I'll bet the seller's on a site beginning with a K. There are a lot of kooks, dreamers, idiots, greedy types, lazy lumps, naive ones and some great people selling on that site. My advice is to be politely persistent for two or three weeks -- say, emailing every five or six days -- and then, if you get no reply or genuine attempt to close the deal, just leave a polite email to state that you're always interested, and then move on. You'll go crazy trying to figure out what kind of person you're dealing with. The upshot is that the "K" site is free, so you're going to get a whole raft of unpolished sellers. Good luck!


----------



## RCO (Apr 24, 2016)

mctaggart67 said:


> I'll bet the seller's on a site beginning with a K. There are a lot of kooks, dreamers, idiots, greedy types, lazy lumps, naive ones and some great people selling on that site. My advice is to be politely persistent for two or three weeks -- say, emailing every five or six days -- and then, if you get no reply or genuine attempt to close the deal, just leave a polite email to state that you're always interested, and then move on. You'll go crazy trying to figure out what kind of person you're dealing with. The upshot is that the "K" site is free, so you're going to get a whole raft of unpolished sellers. Good luck!

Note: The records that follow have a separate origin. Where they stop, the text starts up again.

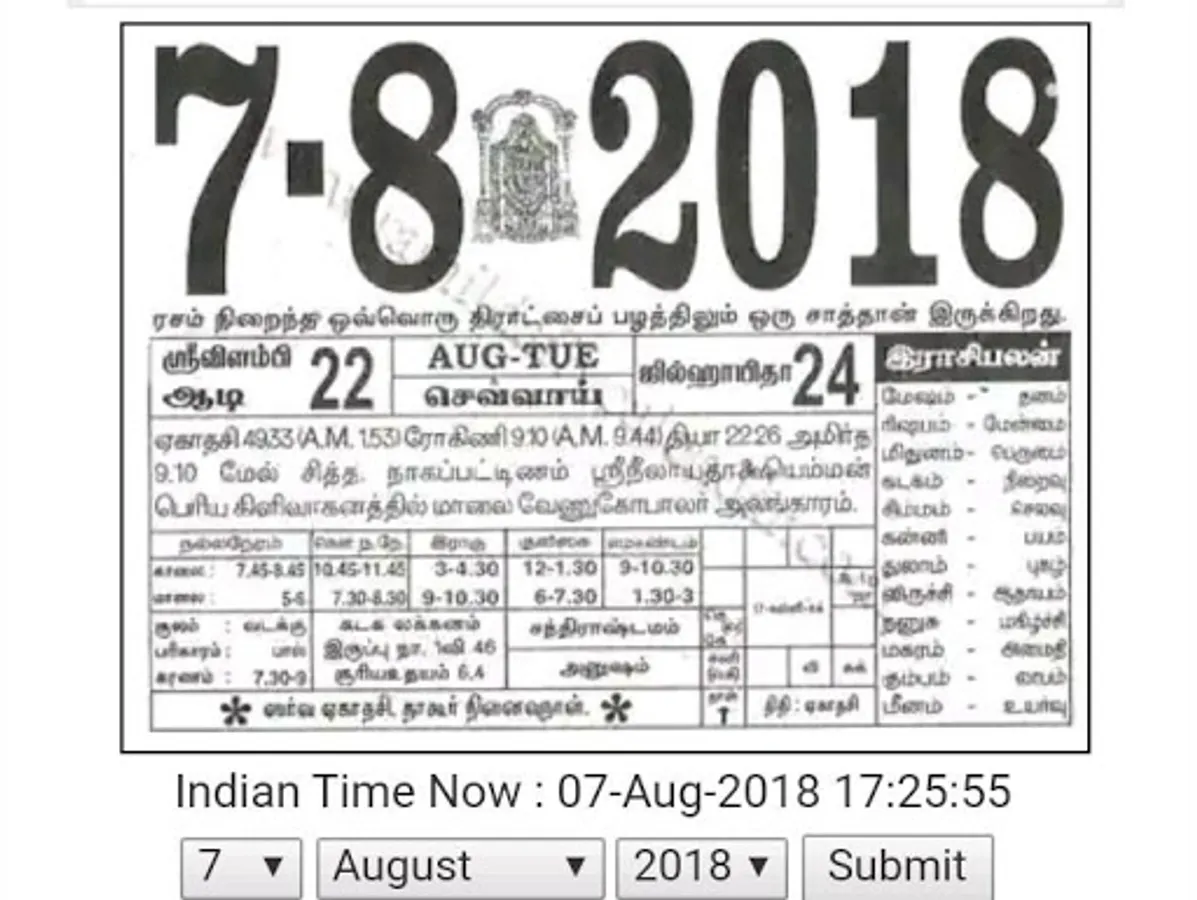 - Tamil Calendar 2018 is also available . நாள்காட்டி. Daily Calendar and Monthly Calendar in Tamil is available.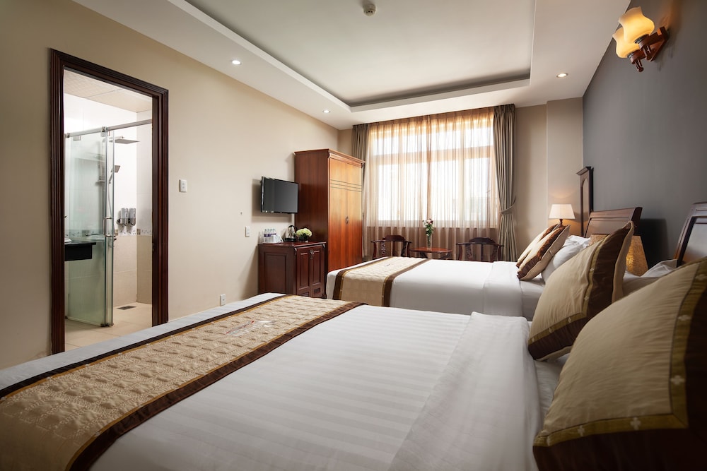 Udogodnienia biznesowe to wynajem limuzyn i samochodów, komputer stacjonarny oraz usługi pralni chemicznej. Płatne udogodnienia to transport z i na lotnisko (całą dobę) i transport do przystani promowej i z przystani. Udogodnienia rekreacyjne to basen odkryty. Dostępne są również takie udogodnienia, jak bezpłatny bezprzewodowy dostęp do internetu i obsługa portierska. Ten hotel oferuje również udogodnienia takie jak telewizor w holu i sala bankietowa. Twój apetyt zaspokoi Corvin, restauracja, która specjalizuje się w kuchni takiej jak owoce morza i której podawane są pyszne obiad i kolacja. Możesz też zostać w pokoju i skorzystać z obsługi pokojowej w określonych godzinach. Śniadanie na zamówienie jest podawane codziennie od 6:30 do 9 za opłatą.- Opłata za śniadanie na zamówienie: ok. 80000 VND za osobę dorosłą i 60000 VND za dziecko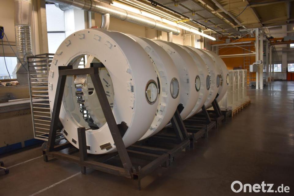 Lackiert werden am Standort in Kemnath vor allem Komponenten aus der Medizintechnik. Diese fahren durch diverse Kabinen, wo sie ihren Farbmantel erhalten. "Die Medizintechnik ist ein wachsender Bereich. Damit bleiben wir zukunftsfähig", bemerkte Chief Technology Officer (CTO) Peter Schardt. Das aufwendigste Teil, ein Röntgenapparat mit C-Arm (Artis Pheno), muss vier Mal durch die Lackieranlage. "Auf die Oberfläche kommen verschiedene Schichten wie Korrosionsschutz oder antibakterielle Farbe. Bei einer Schicht wird eine ganze Dose Spachtelmasse aufgetragen", weiß der Abteilungsleiter der Oberflächentechnik Frank Pecher. Zudem hängen in der großen Fabrikhalle schwere runde Teile, die später zu Computertomografen verbaut werden. "Sensoren sind zum Beispiel an der Aufhängung angebracht. Sie registrieren, in welchem Arbeitsschritt sich das jeweilige Teil befindet", erklärt Pecher.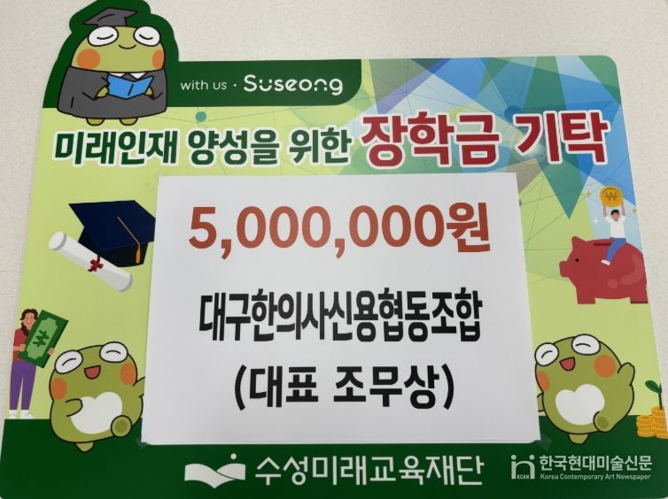 한국현대미술신문 정소영 기자 | 대구한의사신용협동조합(대표 조무상)은 지난 19일 지역 인재 육성과 교육 발전을 위해 장학금 500만 원을 수성미래교육재단에 기탁했다.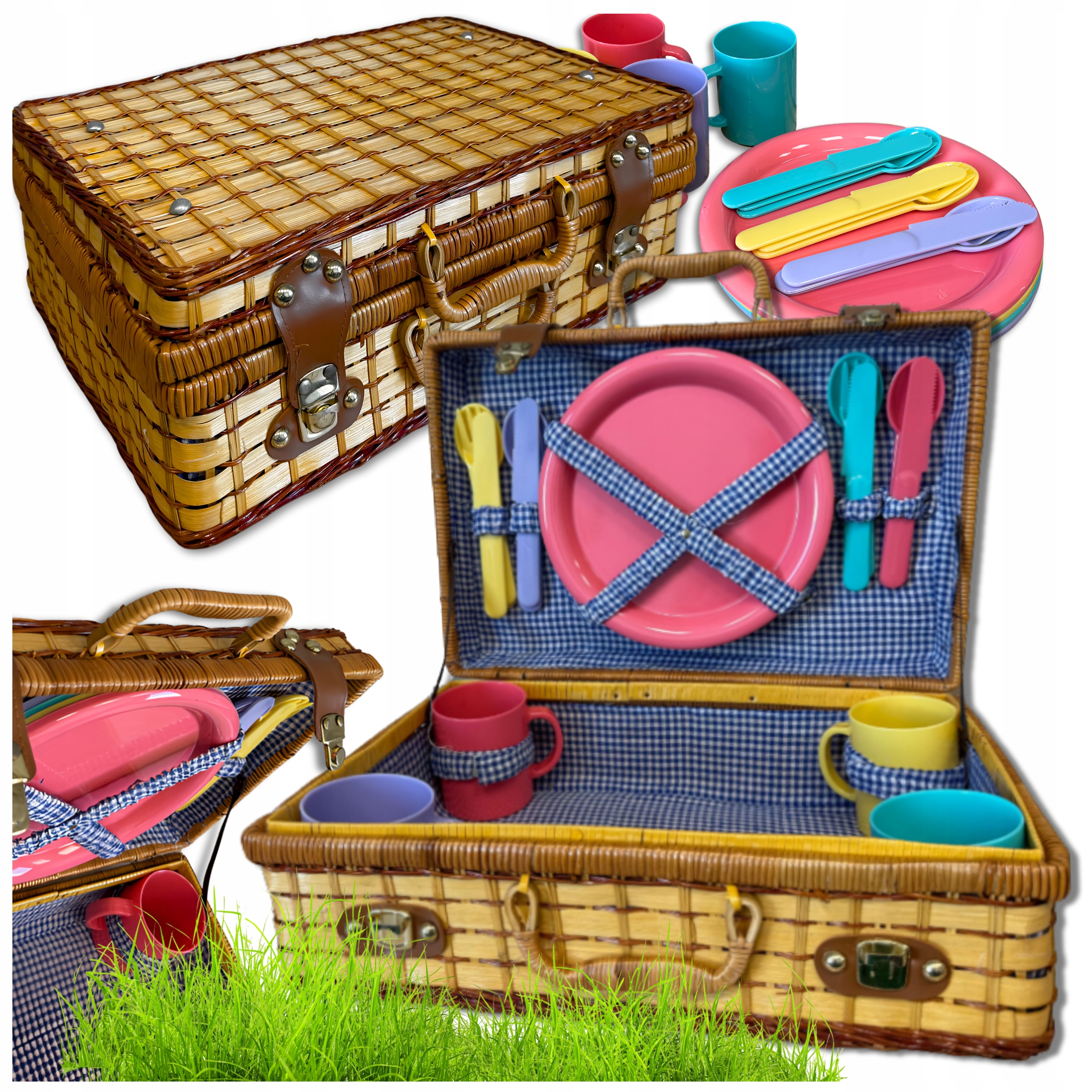 Вікерський кошик для пікніка, набір для 4 -х років посуд з столових пластин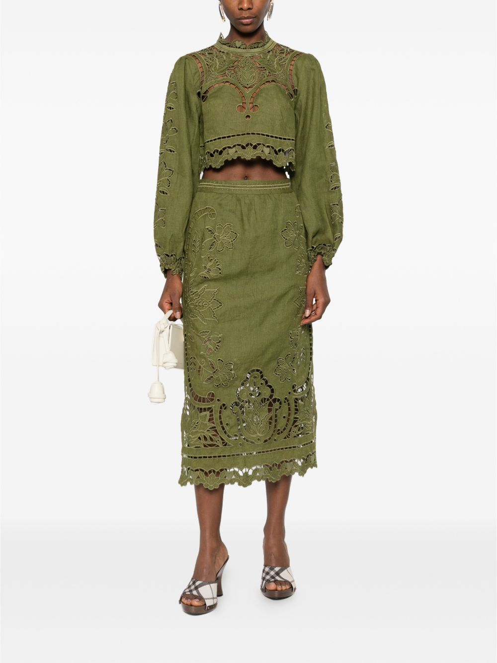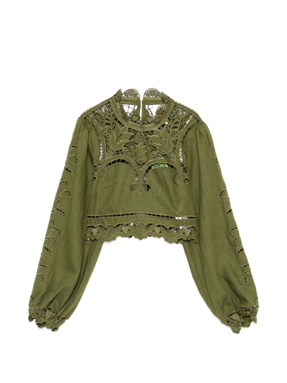 Majestic Garden Richelieu shirt by FARM RIO in green linen, featuring Richelieu embroidery, lace trim, long sleeves and a button fastening on the back.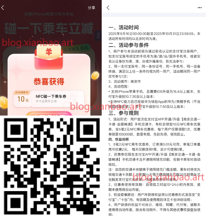 支付宝APP扫码,直接领10亓碰一下乘车券(2*5张),坐公交地铁都可以抵扣,暂时仅限苹果和华为用户领取!每天上下班坐公交地铁的很实惠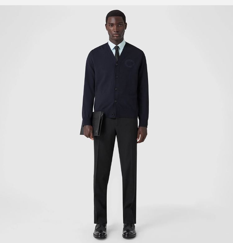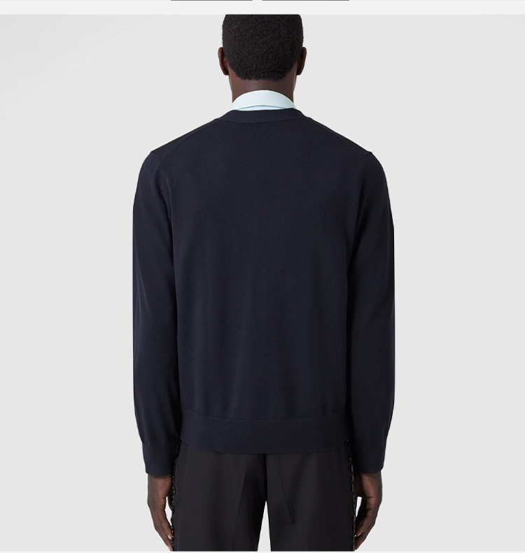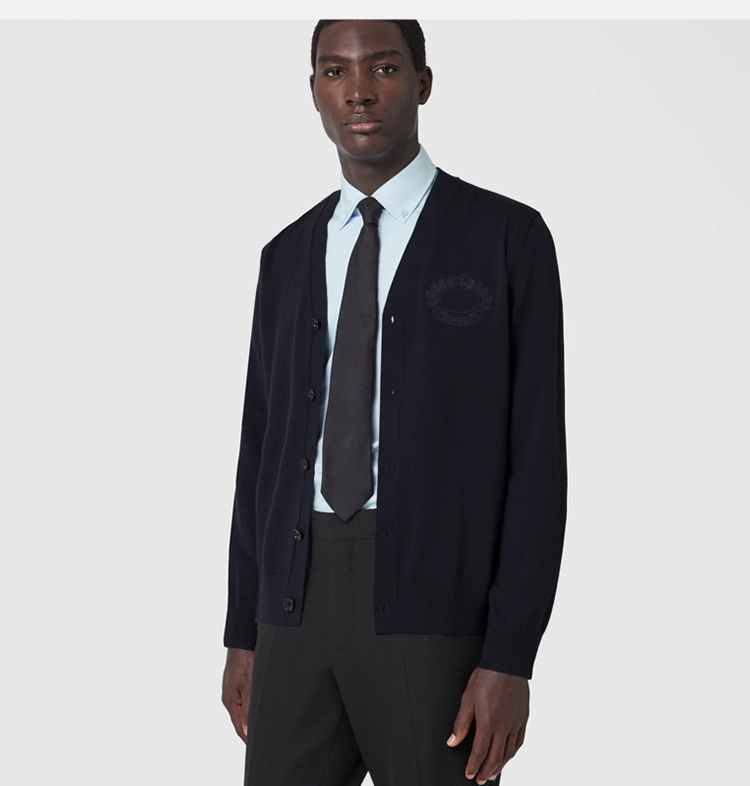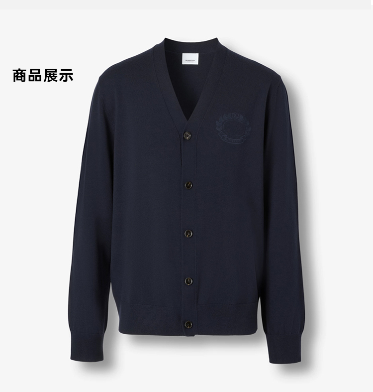 BURBERRY 巴宝莉 男士橡树叶徽章刺绣羊毛开衫 蓝色 8063637 B3590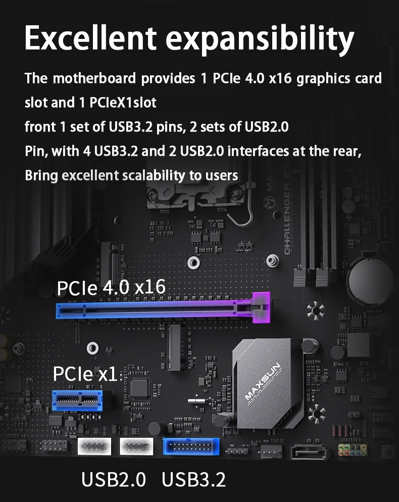 The motherboard provides 1 PCle 4.0 x16 graphics card slot and 1 PCleX1 slot front 1 set of USB3.2 pins, 2 sets of USB2.0 Pin, with 4 USB3.2 and 2 USB2.0 interfaces at the rear, Bring excellent scalability to users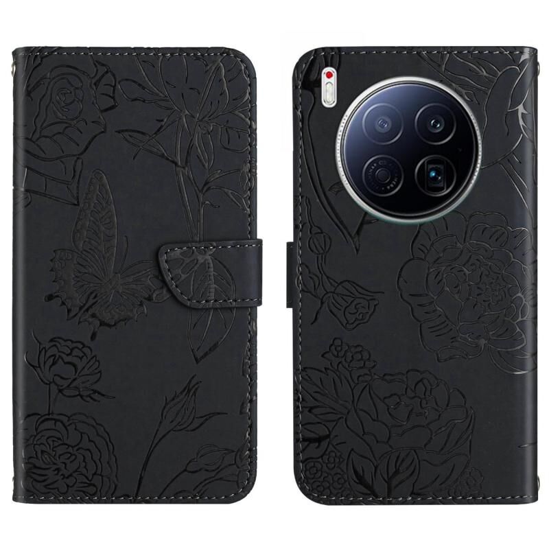 For Tecno Camon 40 Premier Skin Feel Butterfly Embossed Flip Leather Phone Case(Black)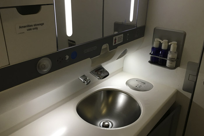 A pesar de lo grande que es el baño y de que sobra espacio, el lavabo está encastrado debajo de unos cajones. Imposible meter la cara para lavársela sin mojarlo todo. Cuando los baños son diminutos el tamaño mínimo del lavabo situado bajo el armario es comprensible. Cuando hay espacio de sobra, cuesta de entender. Así sucede que el suelo de los aviones y los alrededores del lavabo están siempre mojados. Dediqué un buen tiempo de secado y limpieza para las fotos.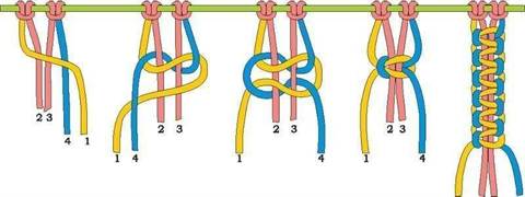 Выполняем плоские узлы. Ниже приведена схема плетения плоских узлов. На рисунке все нити помечены разными цветами.

yeah there is definity something wrong with a % of the people that use that site , I'm not sure what is the problem here . latest plan was that I'd meet her Saturday afternoon , I was a bit early and texted her when I was in that town at location we had agreed to meet . but she replied back that I was too early and she couldn't meet today , she didn't even suggest waiting like 15 minutes or anything that would of resulted in us still meeting . so 3 rd attempt was cancelled and now running out of options . 
I'm left wondering if maybe she thinks the bottle is worth more money that her asking price or rarer that she realised ( since I've emailed her so many times about it )  and now doesn't really want to sell and trying to get out of deal , there seems to be something up with her


----------



## RCO (Apr 24, 2016)

I think my offer was reasonable when considering her other options , there aren't a lot of antique stores around here that are really into bottles and would pay her a lot for it , they have to resell it and only pay a % of what its worth to a collector . 
and at a yard sale she'd almost certaintly get less than what I offered , everyone at yard sales is cheap and odds of a serious bottle collector showing slim
if she were to sell it on ebay she'd need to find a box , buy bubble wrap , drive to post office and its goings to cost $ 14 dollars at least to mail and when buyers pay that much for shipping is going to reduce amount they pay her for bottle and lose money in paypal and ebay fees too , so she's not going to get more once its all completed


----------



## mctaggart67 (Apr 24, 2016)

I'd say it's time to move on with a polite email to her about you'll stand behind your offer. Getting jerked around about meeting times, etc. is no fun, and she seems not to understand your frustration. This, if anything, should hint at her mindset.


----------



## RCO (Apr 25, 2016)

mctaggart67 said:


> I'd say it's time to move on with a polite email to her about you'll stand behind your offer. Getting jerked around about meeting times, etc. is no fun, and she seems not to understand your frustration. This, if anything, should hint at her mindset.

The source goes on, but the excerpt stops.